Semaglutide‐Induced Hepatic Injury: A Rare Case of Drug Induced Liver Injury
Rupayan Kundu, Lyudmila Shtoff

TL;DR
A rare case of liver injury possibly caused by semaglutide, a diabetes drug, is reported despite its generally hepatoprotective effects.
Contribution
This paper reports a rare case of semaglutide-induced liver injury, highlighting a potential idiosyncratic adverse effect.
Findings
A middle-aged male with no liver disease history showed elevated liver enzymes linked to semaglutide use.
Discontinuation of semaglutide led to a rapid decline in transaminase levels, supporting a drug-induced liver injury diagnosis.

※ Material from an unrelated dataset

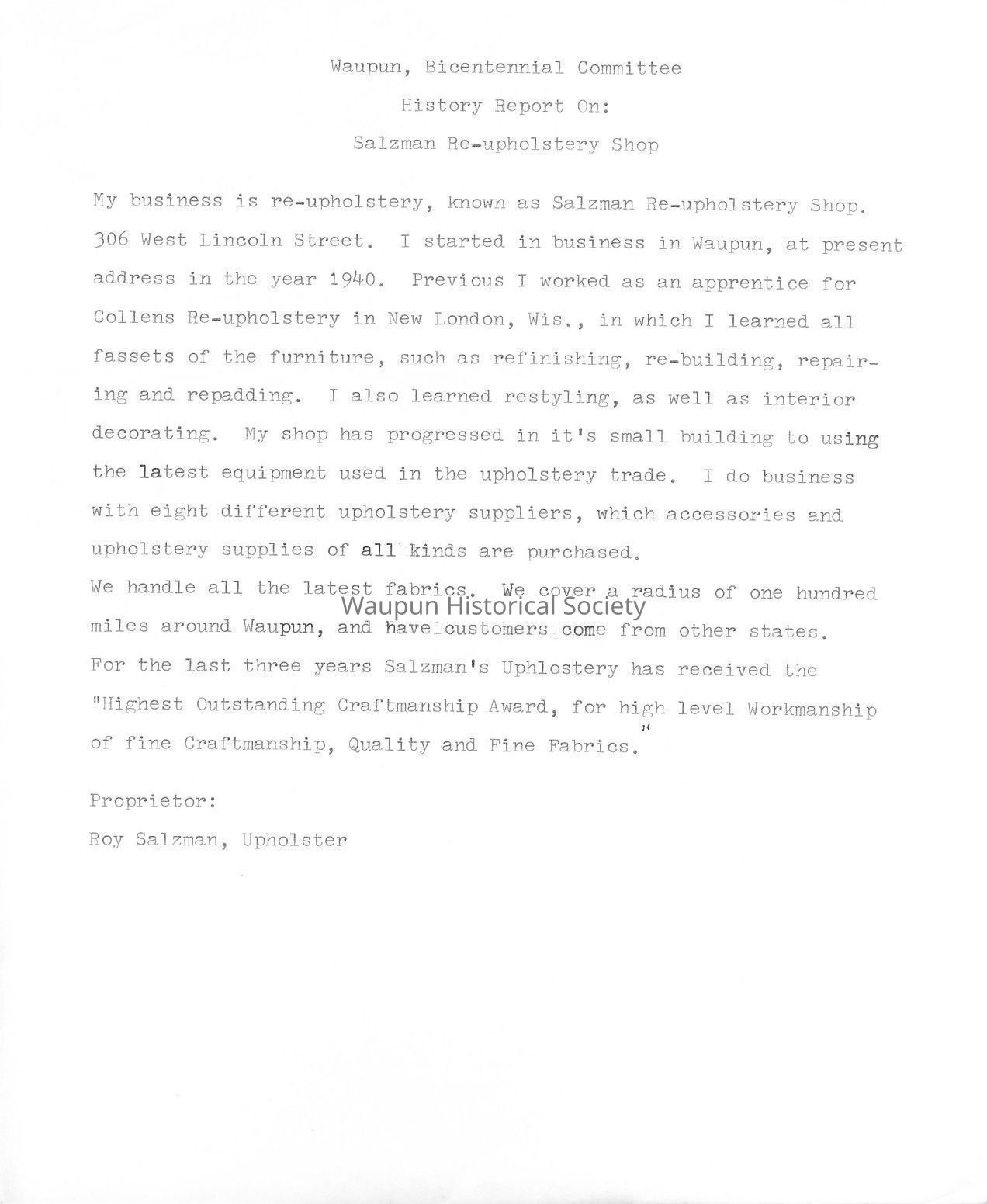 Historical information on Salzman Re-Upholstery Shop for 1976 Bicentennial Celebration in Waupun, WI.

The mechanism of injury remains unclear but may involve metabolic stress or biliary dysfunction.
Abstract
Semaglutide, a glucagon‐like peptide‐1 (GLP‐1) receptor agonist, is widely used for type 2 diabetes mellitus and has demonstrated hepatoprotective effects. However, this case highlights a rare instance of possible drug‐induced liver injury (DILI) temporally linked to its use. A middle‐aged male with well‐controlled diabetes, social alcohol use, and no history of liver disease presented with asymptomatic elevations in alanine transaminase (ALT) and aspartate aminotransferase (AST). Extensive workup, including undetectable blood ethanol level, normal viral hepatitis panel, and unremarkable liver ultrasound, revealed no alternative etiology. Given the temporal association and absence of other factors, semaglutide was suspected as the culprit, leading to its discontinuation. A rapid decline in transaminase levels upon withdrawal supported this diagnosis. Although semaglutide is primarily…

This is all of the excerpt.